Sitting in her studio in Gowanus, Brooklyn, while preparing for her opening on December 9th at Paul Kasmin Gallery, the artist Deborah Kass is sporting a gold nameplate necklace that simply reads "yo"—the very one she was wearing the night she happened to meet Brooklyn Bridge Park President Regina Myer at a fundraiser. Upon seeing it, Myer had inquired if she was in fact the artist behind the "OY/YO" pieces, and so began a conversation that would play no small part in landing Kass's striking new sculpture atop a hill in the park's recently revamped Main Street lawn.
"It was an uncanny series of events that led to this," Kass explains. "This is a very unusual event in an artist's life—particularly a female artist's life. It's extremely unusual for a woman to get to do a monumental piece of art in New York City." Kass has been working with the OY/YO image for some time, and it has evolved over the years. "I made a painting that said 'OY' based on the Ed Ruscha painting that says 'OOF.' I had it up at Paul Kasmin Gallery, and a friend saw it in the window and pointed out that backwards, it said 'YO.' I asked, 'Should I paint that?' And she said yes. Once it was both things, making it 3-D made sense."

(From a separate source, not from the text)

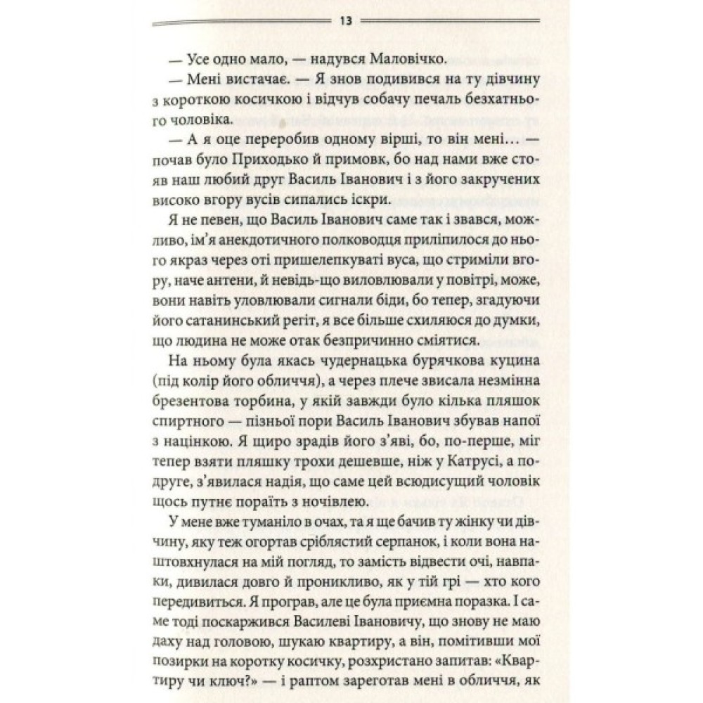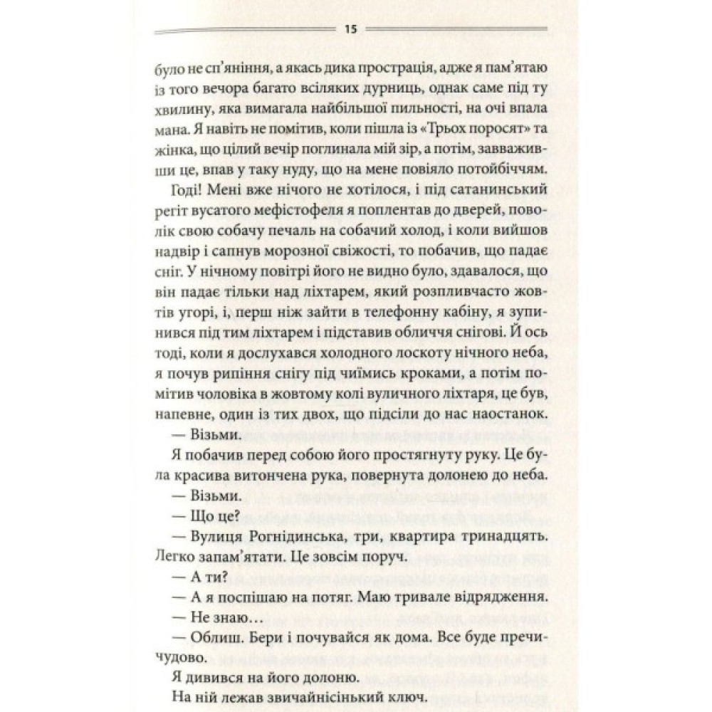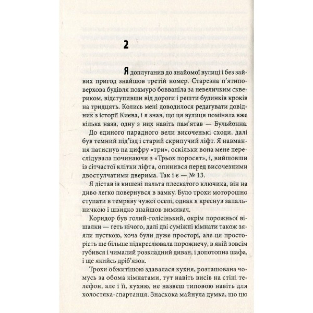 Журналіст Андрій Крайній — справжній ерудит, вільно володіє живими й мертвими мовами, але з матеріальними цінностями якось не склалося: доживши до віку Христа, не має даху над головою. Не йому, безхатченку, гребувати теплим помешканням — хай навіть заповітний ключ простягнув йому дивакуватий незнайомець, а номер квартири навіює забобонний страх. Що ж це було: манна небесна чи прикра помилка? Незабаром Крайньому знадобляться ще два ключі: до таємниці зникнення господаря квартири номер 13 і до серця фатальної жінки, до якого не так легко достукатися...

As she says this, a smaller version of the OY/YO sculpture sits quietly behind her on a windowsill, appearing to gaze out at its bigger sibling. "It's variations on a theme," she says as she pours coffee from her Chemex pot. "This started as a painting, and then another painting, and then I did prints, then I did the little sculpture, and then it became this. It's really fun when an idea creates different objects. After one piece you start elaborating, and it has more meanings as you go."
A stray comment about the coffeepot triggers an anecdote about her early days in the city, and the first time she found herself in a SoHo loft while visiting a pair of artist friends: "I saw one of these coffee pots, and it was a huge epiphany because it was so beautiful and cool-looking. I just thought, 'I want to live like that.'"
Looking at Kass's work, her belief in the power of clarity and efficiency is evident. "If things function aesthetically," she says, "nothing gets in the way of meaning. You just experience it because it's formally so tight." The pieces hanging around the space illustrate this modus operandi: all around the room, bold panels of color are paired with succinct bursts of language.
When it came to size, Kass decided to go large: "Six feet was too small—it had to be bigger than a person." At 17 feet wide, Kass says, "it's like a studio apartment!" And how did she determine its placement? "Yo [set against] Brooklyn was so obvious. It's Brooklyn; it's a no-brainer."
The response to OY/YO has been effusive, and Kass is relishing the opportunity to weave her work into the fabric of the city—and borough—she calls home. Her feelings about the sculpture after seeing it nestled between the two bridges? "It's so Milton Glaser. It's 'I Love NY' for the 21st century."
OY/YO will be on view in Brooklyn Bridge Park through August 2016.